Because our protocol compared CT, SL and DL in vitro, the choice of phantom models requires discussion. Several permutations of US phantom models have been previously described [11], essentially they differ both by the embedded targets and the sonographic medium. In our study, the agar gelatin mixture was used because of its low cost and durability. This permitted the fabrication of multiple copies of both test and practice models; in turn, their continuous rotation (after each participant) allowed us to minimize the presence of residual needle tracks, which required 1-2 hours to completely dissipate. Furthermore damaged gel surfaces could be easily repaired by heating the model in a microwave oven. In our protocol, the wooden pegs provided reliable US targets; moreover varying their size and length enabled the creation of multiple configurations in a relatively compact space (plastic container). Extreme caution was taken to ensure that SL and DL subjects would not improve their post-test performance simply by having practiced on the test model itself: that is why the hour-long SL and DL practice session took place on a different (practice) phantom model which displayed different target groupings as well as an additional 12 mm-target.

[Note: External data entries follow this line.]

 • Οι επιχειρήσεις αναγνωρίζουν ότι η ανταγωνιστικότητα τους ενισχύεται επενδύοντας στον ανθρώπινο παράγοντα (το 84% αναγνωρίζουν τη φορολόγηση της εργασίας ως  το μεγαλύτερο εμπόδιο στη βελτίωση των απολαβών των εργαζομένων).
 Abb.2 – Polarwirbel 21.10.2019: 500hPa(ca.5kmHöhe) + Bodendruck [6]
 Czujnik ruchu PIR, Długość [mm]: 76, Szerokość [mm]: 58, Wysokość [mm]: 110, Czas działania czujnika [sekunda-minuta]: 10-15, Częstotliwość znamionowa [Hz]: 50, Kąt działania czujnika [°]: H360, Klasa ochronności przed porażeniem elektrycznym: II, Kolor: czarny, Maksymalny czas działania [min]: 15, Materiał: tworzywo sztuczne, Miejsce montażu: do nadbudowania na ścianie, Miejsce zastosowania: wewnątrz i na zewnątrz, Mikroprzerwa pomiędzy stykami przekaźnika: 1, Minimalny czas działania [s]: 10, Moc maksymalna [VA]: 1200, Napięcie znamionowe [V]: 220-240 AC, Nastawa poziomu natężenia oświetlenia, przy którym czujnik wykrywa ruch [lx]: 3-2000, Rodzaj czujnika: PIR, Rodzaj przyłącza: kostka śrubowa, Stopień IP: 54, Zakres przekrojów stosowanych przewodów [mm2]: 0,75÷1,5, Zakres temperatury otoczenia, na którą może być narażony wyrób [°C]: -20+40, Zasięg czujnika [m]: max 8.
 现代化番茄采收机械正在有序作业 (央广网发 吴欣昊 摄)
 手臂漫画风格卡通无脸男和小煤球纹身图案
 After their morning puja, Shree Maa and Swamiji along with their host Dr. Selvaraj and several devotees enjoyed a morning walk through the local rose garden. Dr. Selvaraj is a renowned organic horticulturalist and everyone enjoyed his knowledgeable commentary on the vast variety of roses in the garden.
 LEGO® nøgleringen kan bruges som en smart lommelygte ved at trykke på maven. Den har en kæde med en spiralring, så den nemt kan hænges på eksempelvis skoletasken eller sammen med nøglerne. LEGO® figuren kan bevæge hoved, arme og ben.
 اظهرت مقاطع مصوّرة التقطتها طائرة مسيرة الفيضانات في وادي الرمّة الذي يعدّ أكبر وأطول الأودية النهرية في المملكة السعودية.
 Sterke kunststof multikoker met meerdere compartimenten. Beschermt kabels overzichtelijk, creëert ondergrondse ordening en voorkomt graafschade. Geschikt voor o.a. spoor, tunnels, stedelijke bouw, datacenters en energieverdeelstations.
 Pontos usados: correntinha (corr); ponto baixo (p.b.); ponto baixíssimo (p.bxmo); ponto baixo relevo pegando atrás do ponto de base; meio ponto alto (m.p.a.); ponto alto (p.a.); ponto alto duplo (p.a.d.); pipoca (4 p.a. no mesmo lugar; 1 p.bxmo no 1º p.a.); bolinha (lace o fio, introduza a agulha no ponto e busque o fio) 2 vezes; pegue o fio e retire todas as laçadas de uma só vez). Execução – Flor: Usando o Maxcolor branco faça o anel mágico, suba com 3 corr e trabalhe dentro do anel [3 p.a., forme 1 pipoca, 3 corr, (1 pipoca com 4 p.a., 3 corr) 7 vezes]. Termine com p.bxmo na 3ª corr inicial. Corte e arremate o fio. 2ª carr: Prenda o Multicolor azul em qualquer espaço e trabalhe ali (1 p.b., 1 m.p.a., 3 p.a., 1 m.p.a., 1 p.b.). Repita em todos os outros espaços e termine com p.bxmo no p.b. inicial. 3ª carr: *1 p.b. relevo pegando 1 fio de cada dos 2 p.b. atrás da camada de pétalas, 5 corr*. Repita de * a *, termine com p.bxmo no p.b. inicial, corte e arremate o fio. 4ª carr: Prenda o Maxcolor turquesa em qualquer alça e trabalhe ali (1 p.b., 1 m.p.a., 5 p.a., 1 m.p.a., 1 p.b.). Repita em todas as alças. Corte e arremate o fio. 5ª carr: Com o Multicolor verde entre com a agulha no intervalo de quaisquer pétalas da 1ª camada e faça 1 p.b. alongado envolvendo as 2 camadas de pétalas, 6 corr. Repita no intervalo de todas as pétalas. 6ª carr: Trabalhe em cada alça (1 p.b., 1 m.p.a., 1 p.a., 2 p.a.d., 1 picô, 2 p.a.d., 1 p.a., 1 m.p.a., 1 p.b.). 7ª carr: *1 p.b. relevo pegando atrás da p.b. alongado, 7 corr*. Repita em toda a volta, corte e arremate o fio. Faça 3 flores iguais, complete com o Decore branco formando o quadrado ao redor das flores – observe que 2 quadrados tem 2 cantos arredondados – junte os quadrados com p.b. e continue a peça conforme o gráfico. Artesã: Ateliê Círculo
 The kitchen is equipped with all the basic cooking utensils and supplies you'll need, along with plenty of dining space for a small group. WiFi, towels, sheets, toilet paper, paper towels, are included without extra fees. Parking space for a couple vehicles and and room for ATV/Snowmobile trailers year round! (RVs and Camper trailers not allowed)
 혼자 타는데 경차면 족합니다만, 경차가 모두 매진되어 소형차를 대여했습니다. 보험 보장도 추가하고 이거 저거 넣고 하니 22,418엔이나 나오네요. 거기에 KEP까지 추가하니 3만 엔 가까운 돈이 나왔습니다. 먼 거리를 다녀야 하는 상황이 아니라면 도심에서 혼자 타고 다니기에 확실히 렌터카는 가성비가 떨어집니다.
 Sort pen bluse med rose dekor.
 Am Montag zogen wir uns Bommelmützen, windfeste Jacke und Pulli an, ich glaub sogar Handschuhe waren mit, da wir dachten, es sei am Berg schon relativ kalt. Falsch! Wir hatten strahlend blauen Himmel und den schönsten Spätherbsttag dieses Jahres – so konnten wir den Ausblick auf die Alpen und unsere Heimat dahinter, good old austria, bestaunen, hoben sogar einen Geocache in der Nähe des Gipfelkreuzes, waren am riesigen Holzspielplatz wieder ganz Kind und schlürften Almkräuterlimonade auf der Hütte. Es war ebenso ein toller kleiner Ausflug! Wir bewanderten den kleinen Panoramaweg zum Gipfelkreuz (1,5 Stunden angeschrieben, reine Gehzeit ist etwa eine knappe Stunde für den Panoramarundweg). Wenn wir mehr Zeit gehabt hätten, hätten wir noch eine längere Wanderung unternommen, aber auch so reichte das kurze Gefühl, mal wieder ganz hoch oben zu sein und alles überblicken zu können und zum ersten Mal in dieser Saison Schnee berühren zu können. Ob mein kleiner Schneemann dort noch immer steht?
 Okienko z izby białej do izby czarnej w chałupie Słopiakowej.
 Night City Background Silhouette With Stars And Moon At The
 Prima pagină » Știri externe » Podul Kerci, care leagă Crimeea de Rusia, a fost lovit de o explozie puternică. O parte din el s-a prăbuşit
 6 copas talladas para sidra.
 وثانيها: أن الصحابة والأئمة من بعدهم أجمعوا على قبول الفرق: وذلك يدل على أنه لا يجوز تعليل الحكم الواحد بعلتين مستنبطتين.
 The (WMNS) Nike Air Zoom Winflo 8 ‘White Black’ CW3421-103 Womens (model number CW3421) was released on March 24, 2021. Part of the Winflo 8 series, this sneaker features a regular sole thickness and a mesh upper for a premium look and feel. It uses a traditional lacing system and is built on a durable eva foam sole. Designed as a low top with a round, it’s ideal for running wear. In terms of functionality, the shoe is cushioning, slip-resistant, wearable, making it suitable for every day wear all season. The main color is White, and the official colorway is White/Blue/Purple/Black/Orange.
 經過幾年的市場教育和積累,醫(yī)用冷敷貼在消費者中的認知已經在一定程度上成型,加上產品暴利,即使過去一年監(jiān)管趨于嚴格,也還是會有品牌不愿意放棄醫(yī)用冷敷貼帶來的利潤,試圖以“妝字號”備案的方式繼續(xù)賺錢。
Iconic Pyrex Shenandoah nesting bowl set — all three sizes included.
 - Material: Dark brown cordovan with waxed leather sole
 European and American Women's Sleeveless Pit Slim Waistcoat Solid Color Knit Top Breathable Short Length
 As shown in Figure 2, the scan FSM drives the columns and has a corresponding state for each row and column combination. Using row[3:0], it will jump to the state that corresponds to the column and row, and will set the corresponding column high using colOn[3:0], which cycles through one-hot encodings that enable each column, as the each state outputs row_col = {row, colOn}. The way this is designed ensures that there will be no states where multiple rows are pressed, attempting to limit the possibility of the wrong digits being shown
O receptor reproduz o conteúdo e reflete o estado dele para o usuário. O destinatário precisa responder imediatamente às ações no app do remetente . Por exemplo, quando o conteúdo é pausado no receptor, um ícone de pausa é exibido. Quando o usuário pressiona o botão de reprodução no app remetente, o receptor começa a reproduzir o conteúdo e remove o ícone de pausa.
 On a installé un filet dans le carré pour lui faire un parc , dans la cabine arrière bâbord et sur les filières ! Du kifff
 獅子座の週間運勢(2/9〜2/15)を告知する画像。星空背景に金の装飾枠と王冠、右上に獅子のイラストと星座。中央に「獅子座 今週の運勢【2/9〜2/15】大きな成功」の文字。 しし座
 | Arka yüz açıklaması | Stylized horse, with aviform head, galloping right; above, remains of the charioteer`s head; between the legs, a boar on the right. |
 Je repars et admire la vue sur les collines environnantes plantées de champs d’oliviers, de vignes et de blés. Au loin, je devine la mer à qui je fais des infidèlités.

The QCBs used in our trial were adapted from a previous study by Sites et al. [10]. Quality-compromising behaviors have also been employed in studies investigating the learning curves of skills required for US-guided Regional Anesthesia [7,12]. For the purpose of our trial, we identified 8 behaviors that were applicable to tasks performed on the test phantom models: we used them as outcomes as well as key topics addressed by the instructor during the DL training. Out of these 8 QCBs, QCB1 (needle advancement without visualization) has been identified as the most in common mistake seen in novice operators [10]. In fact, our study reveals that subjects in all 3 groups repeatedly exhibited QCB1 during the pre-test. In the post-test, only DL subjects were able to curtail this behavior.

Our protocol contains some limitations. Firstly, we elected to train and test our study subjects using gel models, which are considered low fidelity. Cadaveric models might have simulated real patients more accurately. However, despite their higher fidelity, the access and storage conditions required by cadavers would severely limit their widespread implementation in common learning settings (classroom, hospital or medical conference). Secondly, we chose to study the IP technique because the ability to visualize the needle constitutes one of the most important technical skills in Regional Anesthesia [1]. Thus our findings may not apply to other US techniques such as the out-of-plane needling technique. Thirdly, we limited SL and DL to an hour-long session. We cannot rule out the possibility that SL might have compared favorably to DL had a longer period of independent technical discovery (SL) been allowed. However our results do suggest that, when novice operators are faced with a limited learning session (1 hour), DL provides better pedagogical efficiency. Finally, because of the punctual nature of our study intervention, no conclusions can be drawn regarding the learning curve of US IP technique for novice operators.

In conclusion, a directed-learning session, integrating coaching and feedback, is pedagogically more productive than self-learning for beginners aiming to acquire US IP technique. Further trials are required to determine the IP technique learning curve for novice operators.